Another object of the present invention is by using filming of above-mentioned conductive polymer composition, a kind of heavy body that has is provided, the solid electrolytic capacitor of excellent properties such as low ESR.And under hot environment, also can keep the performance of solid electrolytic capacitor.
Beneficial effect
Conductive composite body in the present invention and conductive polymer composition can obtain having the close property of enhancing to base material, system film, bridge formation, the excellent in stability of the relative outside atmosphere of specific conductivity, and thermotolerance, permanent stability etc.And provide a conductive composite body that solvent solubility is higher.
Filming of conductive composite body of the present invention or conductive polymer composition can obtain excellent properties when being applied to electronic component.The solid electrolytic capacitor of using can obtain having heavy body, the solid electrolytic capacitor of excellent properties such as low ESR.And under hot environment, also can keep the performance of solid electrolytic capacitor.
Embodiment
Preparation object lesson to conductive polymer composition of the present invention and solid electrolytic capacitor describes below.The present invention is not only limited to this object lesson.

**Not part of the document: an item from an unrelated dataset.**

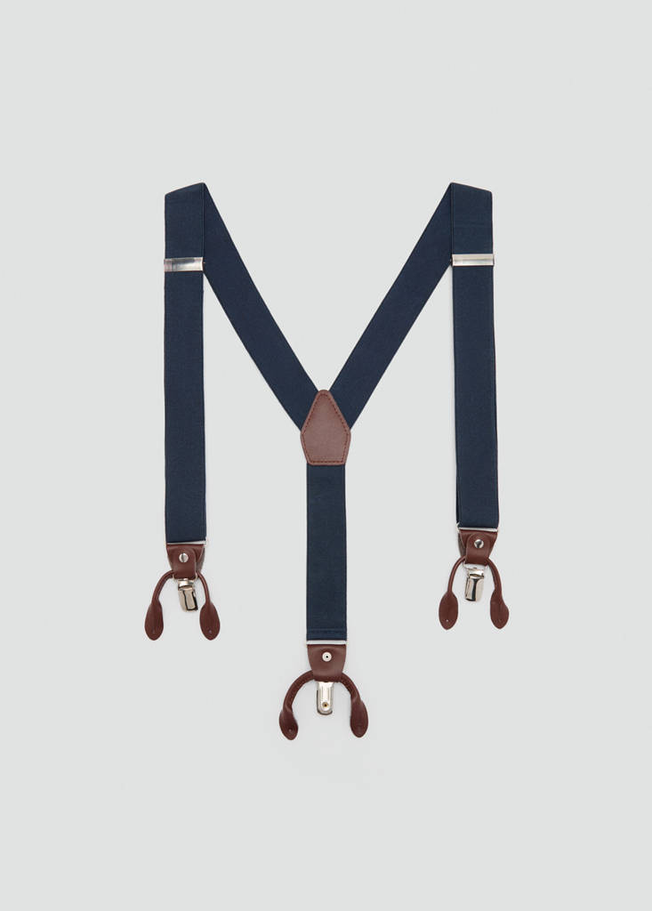 Tirantes elásticos ajustables. Detalles de piel. Enganches de pinza metálica y bastones para botón.

(synthetic polystyrene sulfonic acid)
The Sodium styrene sulfonate of 30g is dissolved in the 300ml water, adds the Sodium Persulfate of 0.2g, heated and stirred 3 hours.
Put cold after, spent ion exchange resin cationic exchange after, be modulated to the polystyrolsulfon acid aqueous solution of 3wt% with ion exchanged water.
Embodiment 1
With 3 of 3g, the 4-ethylene dioxythiophene, the polystyrolsulfon acid aqueous solution of the 3wt% of 300g, the Sodium Persulfate of 6g, the ferric sulfate of 1g and the pure water of 500ml stirred 3 hours after mixing.After adding the vinylformic acid (AA) and 4g Hydroxyethyl acrylate (HEA) of 2g in this reaction solution, heated and stirred 3 hours.
Put cold after, spent ion exchange resin is removed the residual ion in the solution, the aqueous solution that obtains the polystyrolsulfon acid of mazarine 1.5wt%-poly-(3,4-ethylene dioxy base) thiophene and poly acrylic acid-poly Hydroxyethyl acrylate is (to call in the following text: the aqueous solution 1).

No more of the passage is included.